● **Records supplied**
================

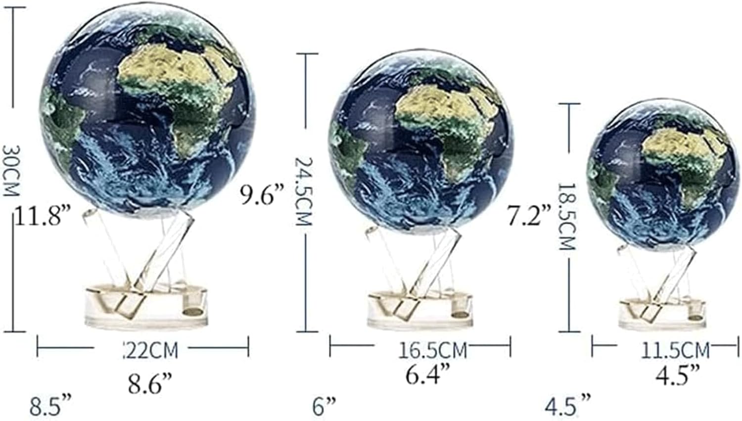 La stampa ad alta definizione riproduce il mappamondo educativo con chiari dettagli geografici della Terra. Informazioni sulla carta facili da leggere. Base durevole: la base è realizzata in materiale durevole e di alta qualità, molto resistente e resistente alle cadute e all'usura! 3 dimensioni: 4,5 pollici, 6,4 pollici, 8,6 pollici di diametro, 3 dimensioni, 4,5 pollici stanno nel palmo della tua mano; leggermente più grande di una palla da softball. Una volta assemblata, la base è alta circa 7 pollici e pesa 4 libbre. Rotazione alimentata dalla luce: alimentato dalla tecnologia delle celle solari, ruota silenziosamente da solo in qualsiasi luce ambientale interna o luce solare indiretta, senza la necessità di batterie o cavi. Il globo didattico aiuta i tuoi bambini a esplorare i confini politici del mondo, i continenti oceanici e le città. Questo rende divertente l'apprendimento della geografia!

================

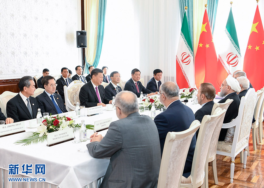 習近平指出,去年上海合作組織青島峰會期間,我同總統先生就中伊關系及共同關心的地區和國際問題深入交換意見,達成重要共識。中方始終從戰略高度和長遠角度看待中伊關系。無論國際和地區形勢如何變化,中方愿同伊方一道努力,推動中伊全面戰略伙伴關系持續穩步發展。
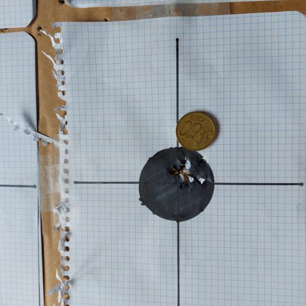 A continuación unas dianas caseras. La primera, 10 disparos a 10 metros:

================

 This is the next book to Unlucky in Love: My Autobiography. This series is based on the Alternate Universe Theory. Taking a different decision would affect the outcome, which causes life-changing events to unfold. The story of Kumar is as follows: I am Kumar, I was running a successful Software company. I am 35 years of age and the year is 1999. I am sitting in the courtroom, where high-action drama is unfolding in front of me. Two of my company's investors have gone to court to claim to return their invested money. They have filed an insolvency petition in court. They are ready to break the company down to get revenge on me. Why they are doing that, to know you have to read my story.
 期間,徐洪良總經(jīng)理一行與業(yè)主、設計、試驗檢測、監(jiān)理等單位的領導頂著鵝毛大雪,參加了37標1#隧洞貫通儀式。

================

● **Directions for this task**
What you return must match the lines above from the one with "習近平指出,去年上海合作組織" through the one with "A continuación unas" exactly, with both ends included and the pictures excluded.

● **Answer for the task**
 習近平指出,去年上海合作組織青島峰會期間,我同總統先生就中伊關系及共同關心的地區和國際問題深入交換意見,達成重要共識。中方始終從戰略高度和長遠角度看待中伊關系。無論國際和地區形勢如何變化,中方愿同伊方一道努力,推動中伊全面戰略伙伴關系持續穩步發展。
 A continuación unas dianas caseras. La primera, 10 disparos a 10 metros:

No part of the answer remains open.